La impotencia de los demócratas

Donald Trump se ufanó públicamente en una ocasión, durante la última campaña presidencial, de que podía disparar a la gente en plena Quinta Avenida de Nueva York sin que ello le hiciera perder votos.

¿A qué grado de manipulación, de desvarío o de simple irritación con el estado de cosas y sus responsables puede haber llegado un pueblo como el norteamericano para llevar a la presidencia de su país a un individuo capaz de tan espantosa jactancia?

Instalado ya en la Casa Blanca y amenazado por el "impeachment" finalmente decidido por los demócratas, Trump declaró que el segundo artículo de la Constitución, que trata del "privilegio ejecutivo", le permitía hacer lo que le diera la gana.

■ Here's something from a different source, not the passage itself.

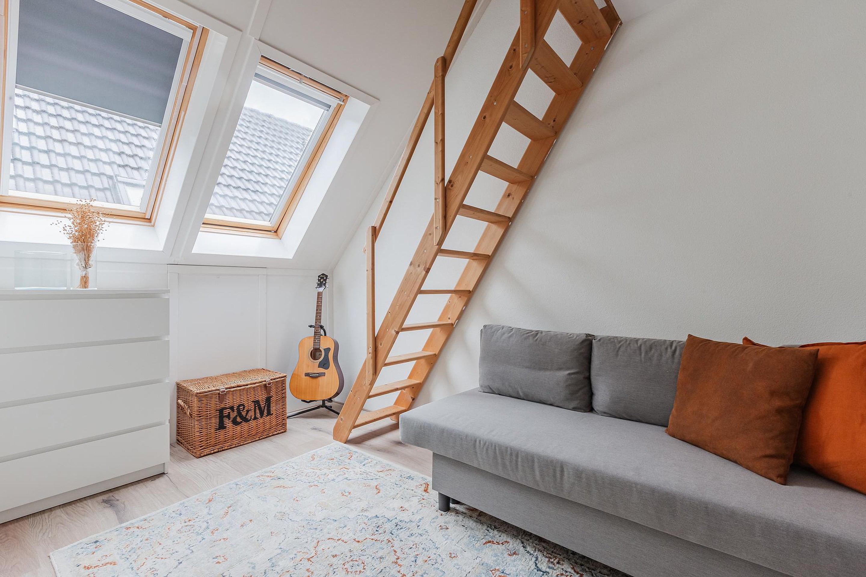 met vrij uitzicht. Aan de achterzijde ligt een tweede ruime kamer met twee Velux

Trump es, como sabemos, el tercer presidente del país en verse sometido a ese proceso de destitución por el Congreso. El primero, en 1868, fue el demócrata y racista Andrew Johnson, que quiso despedir a uno de sus ministros más populares y que logró finalmente salvarse por un solo voto.

El segundo - porque Richard Nixon dimitió antes de sufrir esa suerte tras el escándalo del Watergate- fue el demócrata Bill Clinton, sometido a un proceso implacable por los republicanos, que le acusaron de perjurio por negar que hubiese tenido una relación sexual con una becaria en su despacho de la Casa Blanca.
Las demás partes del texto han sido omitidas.